Are independent contractor non-disclosure agreements enforceable if I delay performance under my independent contractor agreement? Yes, delaying performance to keep secrets to your self does not impact the enforceability of your independent contractor non-disclosure agreement.
What is trade secret misappropriation? One of the most commonly used means to settle nondisclosure disputes is trade secret misappropriation. Trade secret misappropriation occurs when you disclose an independent contractor’s trade secrets. Independent contractors who inadvertently disclose trade secrets can end up paying significant penalties.
Can I resign and then disclose my former employer’s trade secrets? Employers and independent contractors part ways for a variety of reasons. Sometimes , a disputed independent contractor agreement leads to the termination of your independent contractor agreement. Sometimes, party simply disagree about the results of a project. If your independent contractor agreement has been terminated and you decide to disclose your former employer’s trade secrets after resigning, you may find yourself in hot water. Resigning from your position does not excuse disclosure of an independent contractor’s trade secrets. Instead, the court will likely rule that you are liable for disclosing trade secrets.

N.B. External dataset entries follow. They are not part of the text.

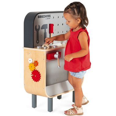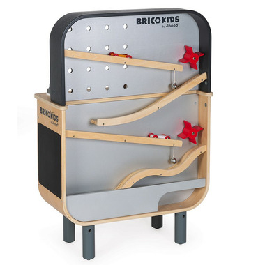 Beautiful bentwood workbench that is played on both sides!!! Front side: a magnetic workbench, complete with a clever system of magnetic tools so that the child stores his tools in the right place, and many accessories to invent objects to assemble and disassemble to infinity, as desired of his imagination. With 3 magnetic tools, 29 accessories (nuts, screws, wooden nails, plates, chalks…), a vice, a gear system and a slate (on the side) to write with the chalks. All the accessories are stored on the front, in the space provided for this purpose. Back side: a 4-lane descender with 2 cars taking turns to slide down the slope by turning the wheels and ringing the bells!! Laughter guaranteed!! For children from 3 to 8 years old. Wooden toy.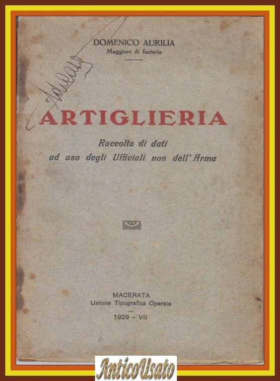 ARTIGLIERIA raccolta di dati uso degli Ufficiali dell'Arma Domenico Auria libro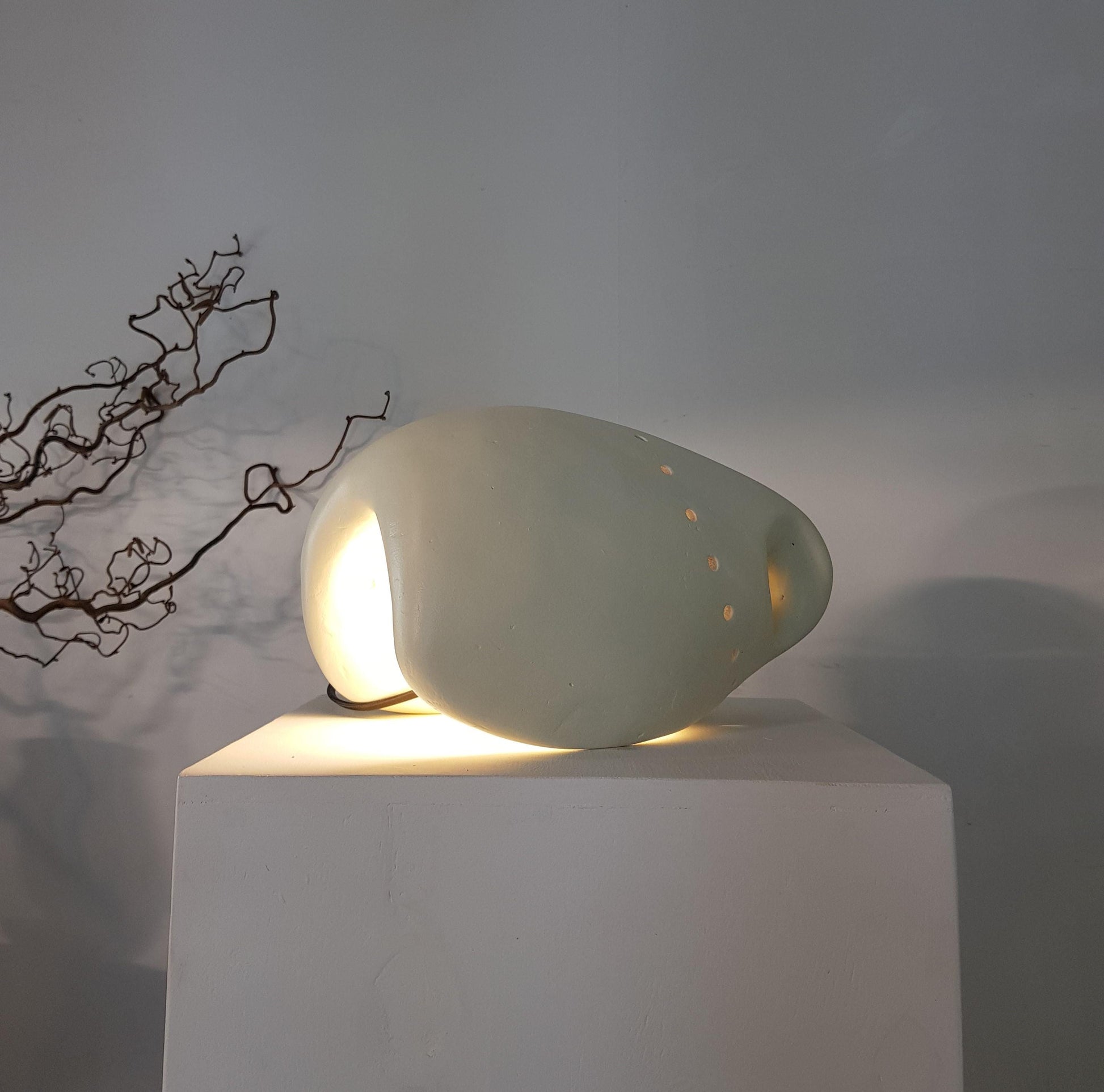 The lamp emits a soft, calming light creating a warm, ambient glow that transforms any space into a peaceful retreat. The intricate carvings allow subtle shadows to dance along its surface, enhancing its ethereal charm. Perfect for bedrooms, living rooms, or cozy nooks, this pebble-inspired lamp not only illuminates but also adds a touch of coastal beauty and artisanal elegance to any interior.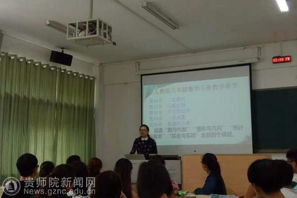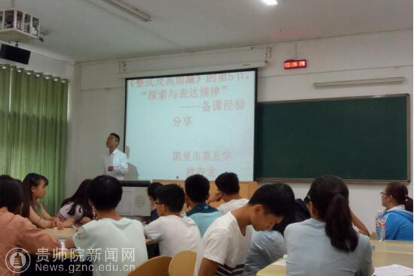 本网讯 5月10日,贵州省教育大数据技术与教育数学院士工作站、贵州省中小学名师工作室贵州师范学院工作站(数学)特邀贵州省中小学丁光琴名师工作室主持人凯里五中副校长丁光琴老师和团队成员欧春龙老师到我校为数学与计算机科学学院(以下简称数计学院)2015级卓越教师班同学做初中数学教材分析专题讲座和赛课经验分享交流会,活动在致远楼411进行。此次活动由卓越教师项目负责人数计学院副院长肖宏治主持,卓越教师项目主持人李艳琴,项目组成员梅俊雷老师出席此次讲座,2015级卓越教师班全体成员共同参加。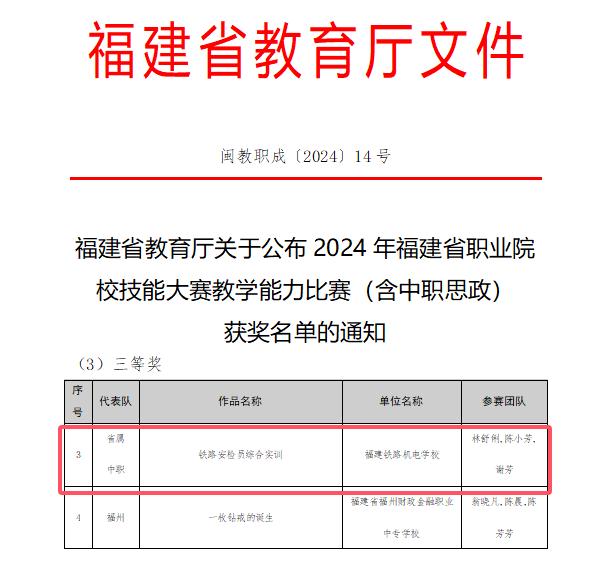 2024年福建省职业院校技能大赛教学能力比赛获奖名单正式公布,林舒俐、陈小芳、谢芳三位教师的作品《铁路安检员综合实训》斩获三等奖。

Are independent contractor non-disclosure agreements enforceable if they include both a non-disclosure and non-solicitation requirement? Yes, both non-solicitation and non-disclosure restrictions can be included in an independent contractor non-disclosure agreement. Non-solicitation requirements are similar to non-compete agreements. A non-solicitation agreement prohibits you from soliciting business that is similar to that of your former employer. Non-solicitation clauses must include a reasonable time limit. Whether a non-solicitation agreement is enforceable depends on the employment context. For example, if the independent contractor’s employer provides you with access to client lists and client information, and depends on those lists and that information to make money, you are likely to be bound by any non-solicitation clause. This is good news for your former employer and bad news for you if you want to practice your craft independently in the future.